*** DATA Section Begins ***

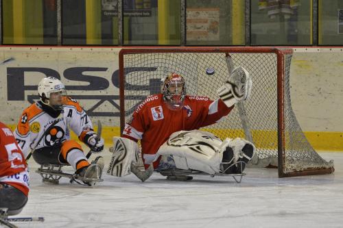 Sledge hokejisté porazili Pardubice. Zápas s Olomoucí se nedohrál
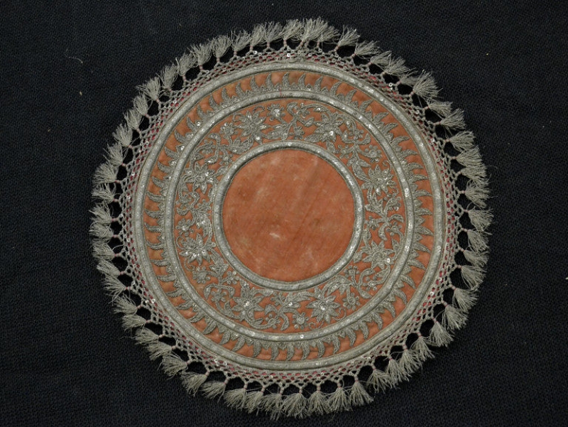 The mat is 30 cm in diameter. It is made of a velvet ground material with circles of flowers and leaves in applied silver thread and sequins, in between bands of flowers and leaves. The outer fringe is held in place with sequins and silver thread. The mat is backed with crimson silk.
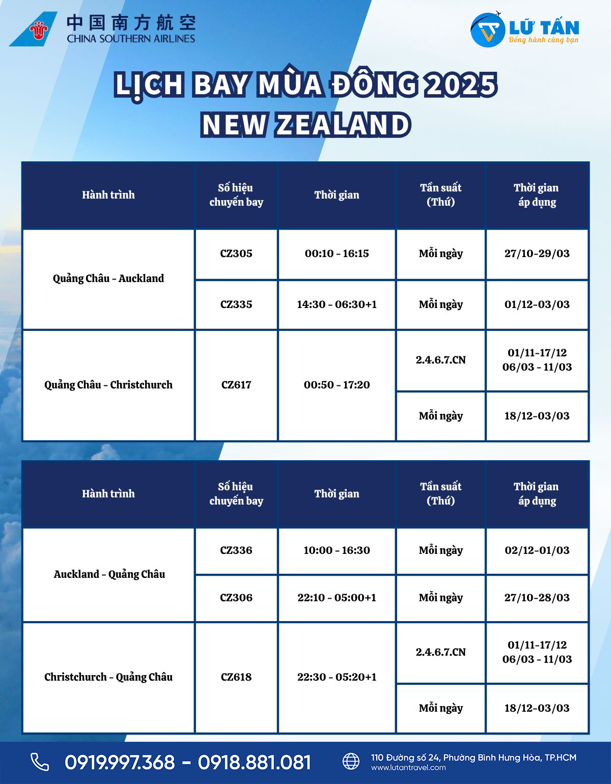 Để đặt vé China Southern Airlines với giá tốt nhất và đến New Zealand thật thuận tiện, hãy liên hệ ngay với Lữ Tấn Travel!

*** DATA Section Ends ***

**EXERCISE OBJECTIVE**
Copy only the lines running from the one that holds "The mat is 30" through the last line of the data, and include both of those lines. Do not copy any pictures.

**PROBLEM SOLUTION**
 The mat is 30 cm in diameter. It is made of a velvet ground material with circles of flowers and leaves in applied silver thread and sequins, in between bands of flowers and leaves. The outer fringe is held in place with sequins and silver thread. The mat is backed with crimson silk.
 Để đặt vé China Southern Airlines với giá tốt nhất và đến New Zealand thật thuận tiện, hãy liên hệ ngay với Lữ Tấn Travel!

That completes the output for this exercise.